Artibonite (/fr/; Latibonit) is one of the ten departments of Haiti located in central Haiti. With an area of 4,887 km^{2} it is Haiti's largest department. As of 2015, its estimated population was 1,727,524. The region is the country's main rice-growing area. The main cities are Gonaïves (the capital) and Saint-Marc. In February 2004 an insurgency tried unsuccessfully to declare Artibonite's independence.

== Etymology ==
The name L'Artibonite is derived from the Artibonite River, the longest river on Hispaniola. L'Artibonite is derived from the Taino ja'tibonicu meaning "Great High Place of the Sacred Waters." Under the administration of Toussaint Louverture, the department was known as Toussaint's Department.

== History ==
===Taino period===
During the pre-colonial period, the area of the present-day department was divided among the Taíno cacicazgos of Marien, Maguana, and Jaragua. The border between these chiefdoms is generally believed to have followed the Artibonite River. Although the department's capital, Gonayibo, is thought to have belonged to the Xaragua chiefdom, it was located near the border between the three territories.

Haitian oral tradition recounts that the Taíno queen traveled annually from her principal city of Yaguana to Gonayibo, accompanied by her nitainos (nobles), a journey that is said to have inspired the origins of Haitian Rara traditions.

Some of the best-known Taíno settlements and archaeological sites in the department are Gonaibo, Amani-y, the caves of Dondon and archeological sites in the Cote-des-Arcadins area.

===French period===
Under the French administration the towns of St-Marc, L'Éstère. Mirebalais and Petite-Rivières-de-l'Artibonite were important French settlements with multiple plantations in the Valley.
During that period the town of St-Marc was under the control of the colonialists and was the seat of Assemblée Colonial or the Colonial Assembly.

===Haitian Revolution===
At the beginning of the Revolution, St-Marc was burned by Dessalines and Gonaives by Vernet under the order of Toussaint in response to Napoléon's tyrannic behaviors.
Later on, Toussaint defeated the French troops at the Bataille-de-la-Ravine-à-Couleuvre near the town of Gonaives.
In Gonaives the French captured Toussaint and he was later sent to France and died.
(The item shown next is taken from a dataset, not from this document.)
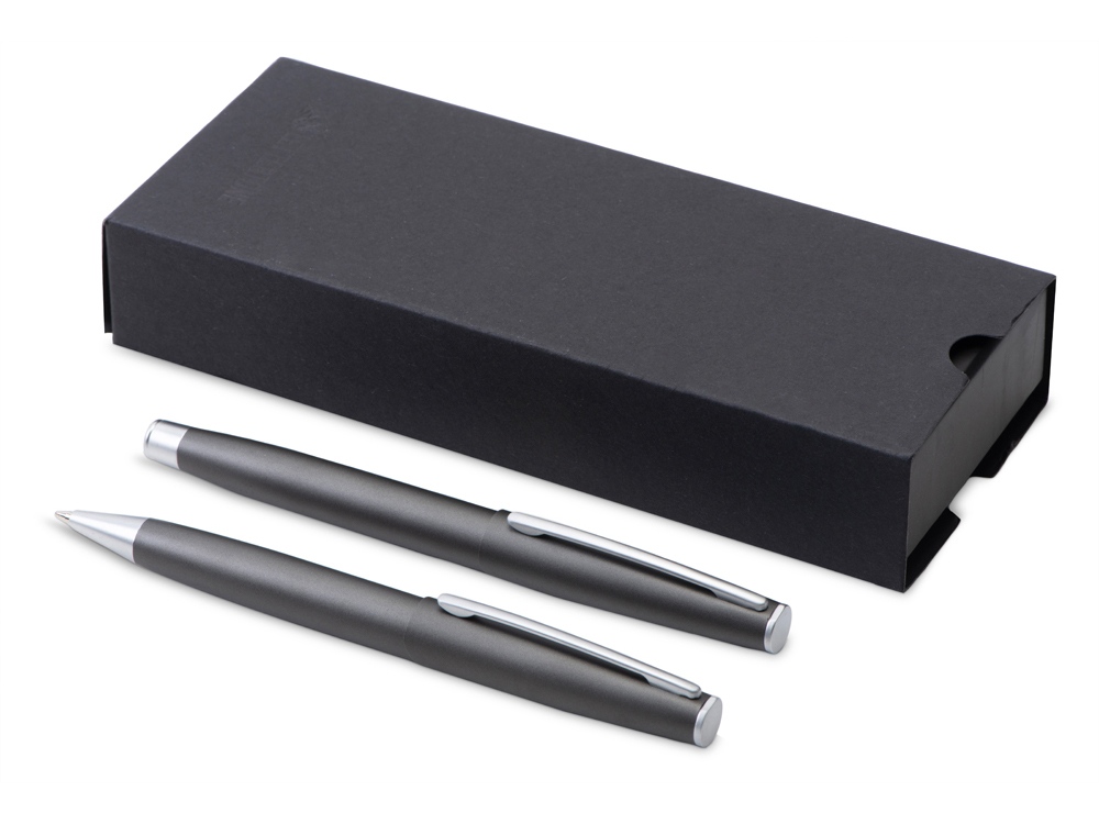 Статусный и функциональный набор состоит из двух металлических ручек - шариковой и роллера. Широкая форма помогает ручкам комфортно ложиться в руку и увеличивает площадь для нанесения логотипа.

In April 1802 during the siege of Crête-à-Pierrot that lasted almost one month, the indigenous troops offer the French generals the greatest resistance. During that battle, Dessalines threatened to set fire to the gunpowder reserve in case the French would enter the fort. The Haitian hero Marie-Jeanne Lamartinière surprised the French troops with her courageous behavior.

===Haitian period===
Gabart commander of St-Marc, Vernet commander of Gonaives, and Dessalines commander of the Indigenous Army are signatories of the Haitian Declaration of Independence.
Gonayiv is the first city to be gained from the French troops by the Indigenous Army, and Gabart freed St-Marc on September 4, 1803.

On January 1, 1804, the city of Gonaives hold the first Haitian political conference and witness the Declaration of Independence under the eyes of Dessalines, Henry, Pétion, Geffrard, Boirond Tonnerre, some British troops and many more.
The town of Dessalines became the world's first black capital and the seat of the Haitian Empire.
Many times, the department has dissociated itself from Port-au-Prince and the West many times notably under the leadership of Henry Christophe, Nissage Saget, receiving Fabre Geffrard against Faustin.
In the contemporary period, Gonaives rose furiously in 1986 and 2004 overthrowing both Duvalier and Aristide.

== Geography ==
The department is bordered to the north by North and North-West, on the west the Gulf of Gonave, the south West and the east and Centre.
A core geographic feature of this department is the Artibonite River, which runs through the southern half of the department, allowing for rice cultivation in the Artibonite Valley.
The department has two mountain ranges running from NW to SE. On the North shore of the Valley is Black Mountain and on the south shore is Mattheux Mountain.
The Bay of Gonaïves is one of the best-protected bays in the country.
The Bay of St-Marc is the biggest U-shaped bay in the country.
The department doesn't have any major fault line through it.

== Environment ==
One of Haiti's biggest mangrove forests, harboring flamingos and other rare species, is located south of Gonaïves. There are also sand dunes in that area.
There are many lagoons and rivers that run through the Valley. The largest lake in Artibonite is Bois-Neuf Lake south of St-Marc.

== Economy ==
The department has been in a state of economic decline since insurgencies and coups have reduced the nation's stability. Since the election of President René Garcia Préval, the production of rice and other crops has been increasing.

=== Tourism ===
From St-Marc to Montrouis the coastal area is known for its breathtaking beaches and potential for resort tourism. Some of the most notable beaches are Amani-y, Grosse-Roche, Decameron, Moulin-sur-Mer and more.

Cultural tourism focusing on Haitian history, forts, and Vodoun.

=== Agriculture and Fishing ===
The Valley is known as Haiti's food basket. Until the 1980s Haiti was able to be self-sufficient.
Many families have farm animals such as pigs, goats, beef, chicken, and more.

=== Mining ===
Gonaïves is a point of interest for mining notably in the disaffected mines of Sedren.

=== Salt Production ===
Grande-Saline and Anse-Rouge are known for their Haitian Sea Salt production.

=== Energy ===
Haiti's biggest electrical dam is also used to control the flow of the Artibonite.

== Transport ==
The main road through the department is the RN1 connecting Okap to Pòtoprens, passing through Gonayiv and Sen-Mak. This road often causes congestion in Sen-Mak since it goes through the city.
The RN5 connects Gonayiv to Gwomòn.
The RD103 and RD304 connect Gonayiv to Ench and the Haitian-Dominican border.
The RD101 and RD301 connect Sen-Mak to Mibalè and the Haitian-Dominican border.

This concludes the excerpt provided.